Chapter 35 (part akhir di WP)

844 165 15
                                    

masih ada 10 part + 1 epilog di novel cetaknya.........

Bukan sebuah keberuntungan, hasil yang dicapai itu merupakan buah dari sebuah perjuangan. Kesibukan yang akhirnya membuat luka di hati Subuh sedikit terobati, meski rindu tidak akan pernah beranjak pergi. Meski demikian, pemuda itu selalu memperhatikan Rabani setiap harinya meski kini mereka tidak lagi tinggal di rumah yang sama.

Beberapa kali kontrol kesehatan ke dokter, Subuh selalu mengantarkan Rabani. Bahkan dia yang selalu mengingatkan jadwal check up itu pada ayah Asmara.

"Ayah semakin nggak enak hati sama Mas Alul, seolah-olah memberikan harapan palsu tentang Mara yang Ayah sendiri nggak tahu di mana dia." Rabani menundukkan kepala saat pulang dari rumah sakit.

Subuh tersenyum lalu menggenggam tangan Rabani. Selama ini dia telah menganggap Rabani sebagai orang tuanya sendiri. Sehingga saat mendengar ucapan ayah seperti itu kepada anaknya, Subuh merasa menjadi orang lain bagi Rabani.

"Alul tetap menjadi putra ayah, kan?" tanya Subuh.

Anggukan kepala Rabani cukup memberinya akses untuk bisa mencurahkan sayang seorang anak kepada orang tuanya.

"Kalau begitu nggak ada alasan nggak enak hati, karena ini sudah menjadi kewajiban seorang anak untuk orang tuanya. Izinkan saya tetap melakukan itu semua, Yah."

Rabani hanya bisa menatap Subuh tanpa suara. Betapa beruntungnya orang tua yang memiliki anak seperti pemuda yang kini bersamanya.

"Kita langsung pulang atau Ayah ingin mampir ke tempat lain dulu?" tanya Subuh sebelum melajukan mobilnya.

"Kita langsung pulang saja Mas Alul," jawab Rabani.

Percakapan mereka selanjutnya lebih banyak membicarakan tentang pekerjaan Subuh juga masalah pertanian yang kini sedang dihadapi petani termasuk Rabani.

"Kalau untuk pasokan pupuk dari pemerintah masih aman, Yah. Beberapa pupuk non subsidi yang banyak dibutuhkan petani juga sudah tersedia di toko. Jadi harusnya itu tidak menjadi masalah baru bagi petani, hanya saja kalau bicara tentang cuaca yang tidak bisa diprediksi—" Subuh menatap Rabani kemudian mereka tertawa bersama.

"Ya kalau itu sudah di luar kuasa kita, Mas," kata Rabani mengakhiri.

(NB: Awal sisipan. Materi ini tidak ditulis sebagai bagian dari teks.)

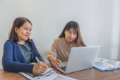 Zdjęcie "Dwie azjatyckie kobiety biznesu pracujące razem patrząc na laptopa." może być wykorzystywane do celów osobistych i komercyjnych zgodnie z warunkami zakupionej licencji Royalty-free. Obraz jest dostępny do pobrania w jakości wysokiej rozdzielczości do 5760x3840.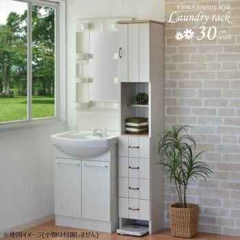 フランスの田舎町をテーマとした自然体で飾らないデザインのランドリー収納です。農園のある田舎町で使われているような温かみのある色合いやデザインにもこだわったフレンチカントリー家具です。洗面台や洗濯機横の隙間を収納スペースへと変えてしまう収納ラックです。扉収納とオープン収納、引き出し収納の組み合わせで、洗剤やタオルコスメなどの小物類も収納可能です。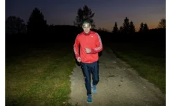 - Der Schalter der Stirnlampe ermöglicht ein Wechseln der Funktionen auf Knopfdruck: 100 % – 20 % – SOS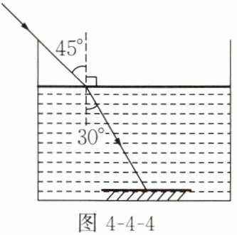 4. 如图 4 - 4 - 4 所示,光从空气射入某液体中,入射角为 $45^{\circ}$,折射角为 $30^{\circ}$。光射到液体底部放置的平面镜上又反射回来,最后光又回到空气中,这时折射角为( )。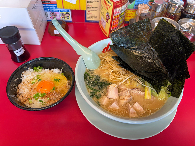 カレーラーメンの新しい夜明けを告げる山岡家期間限定「特製カレーとんこつラーメン」、玉子かけご飯セットでどうぞ♪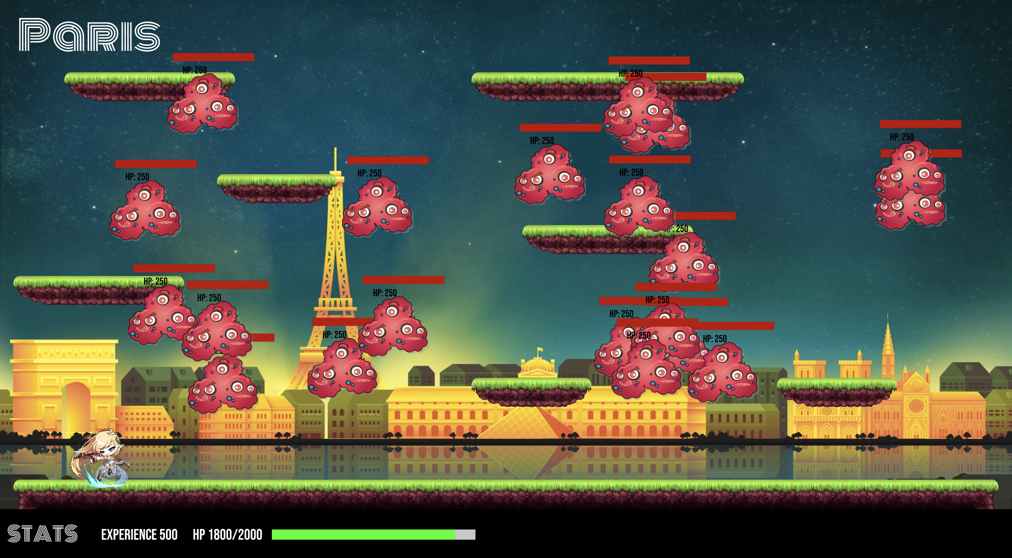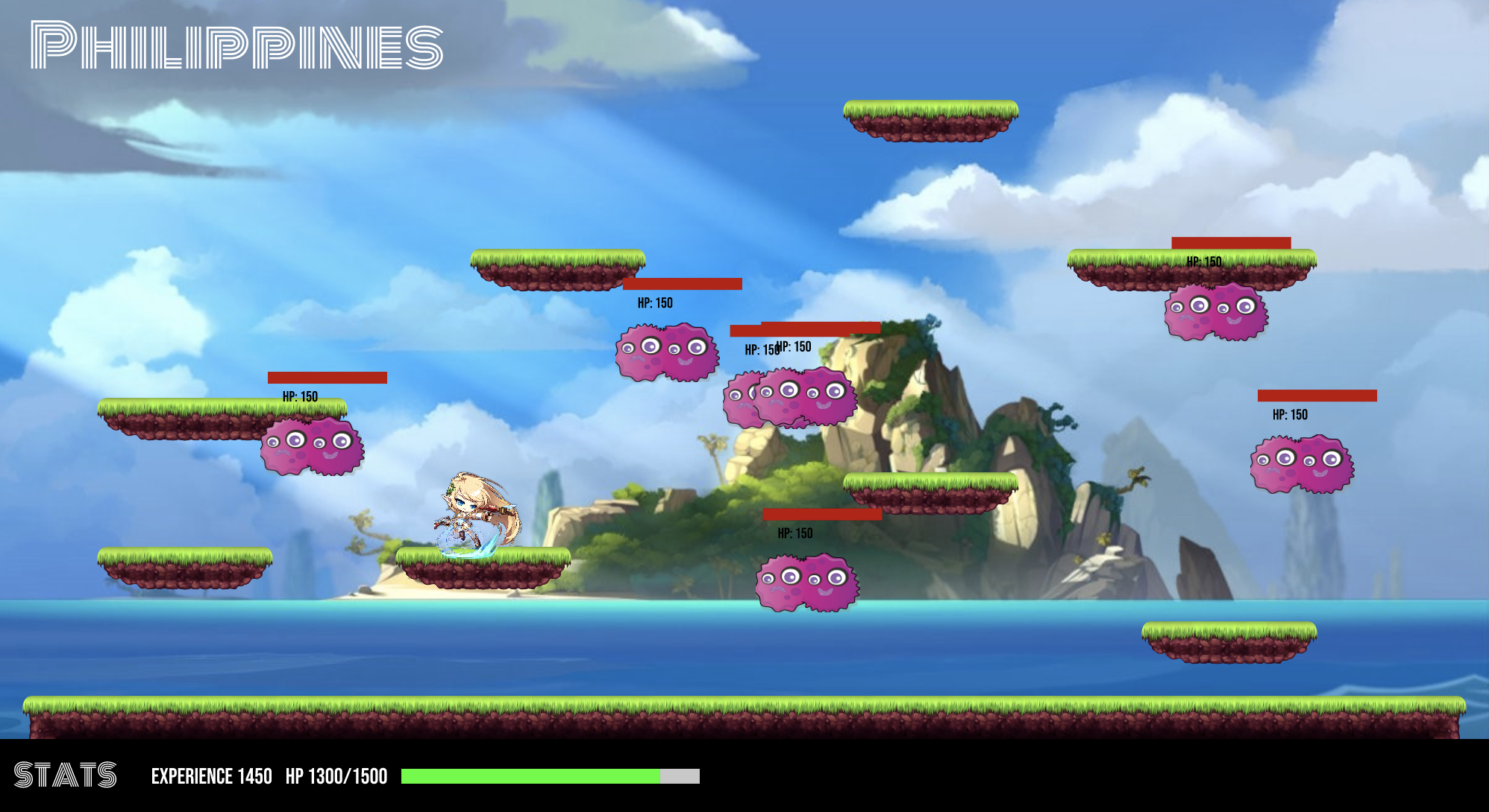 Each covid particle stores its own health points and has a location that is randomly generated. They move on the X-axis based on Perlin Noise, but don't move vertically. If the player comes into contact with a covid particle, they will lose health points. To kill the covid particles, the player can shoot bullets from a magic gun using the 'X' key. Once a covid particle's health points reach 0, they die, and the player gains experience points. Once all the covid particles have been killed, a portal opens up on the right side of the page, which the user can use to go back to the map. If the player's health points drop below 0, then they lose the game.

Membicarakan masalah pertanian, tiba-tiba Subuh teringat sebuah undangan dari Dinas Pertanian yang mengundangnya hadir untuk mengikuti sarasehan yang akan didatangi oleh Bupati Semarang dan juga Gubernur Jawa Tengah.

"Oh iya, Yah. Tanggal sepuluh Alul dapat undangan dari Disper, Ayah ikut ya?" ajak Subuh.

Rabani mengingat-ingat jadwalnya sebelum menolak atau mengiyakannya. Dan setelah kegiatannya begitu padat di sekolah, ayah Asmara itu akhirnya menggelengkan kepalanya. Skala prioritas tanggung jawab menjadi pilihan di saat dia harus menjaga kesehatannya agar tidak menurun karena kecapekan.

"Maaf ya, Mas. Ayah mengajar dari pagi sampai siang full," tolak Rabani.

"Tidak apa-apa, Yah. Saya kira jadwal di sekolah tidak terlalu padat. Mungkin dengan ikut acara ini bisa mendapatkan prioritas apa gitu dari pemerintah, mumpung saya juga mendapatkan undangan untuk dua orang." Subuh tertawa lirih.

"Sebenarnya sarasehan untuk membahas apa Mas?" tanya Rabani.

Percakapan mereka pun mengalir dengan begitu sempurna sampai Subuh menghentikan mobilnya di depan rumah Rabani.

"Nggak mampir dulu, Mas?" tanya Rabani.

Subuh tersenyum lalu melepas safety belt-nya sebelum dia keluar mobil dan mengikuti langkah Rabani masuk ke rumah. Rumah yang senantiasa mengingatkan laki-laki itu pada rindunya pada seseorang yang sampai sekarang tidak diketahui rimbanya.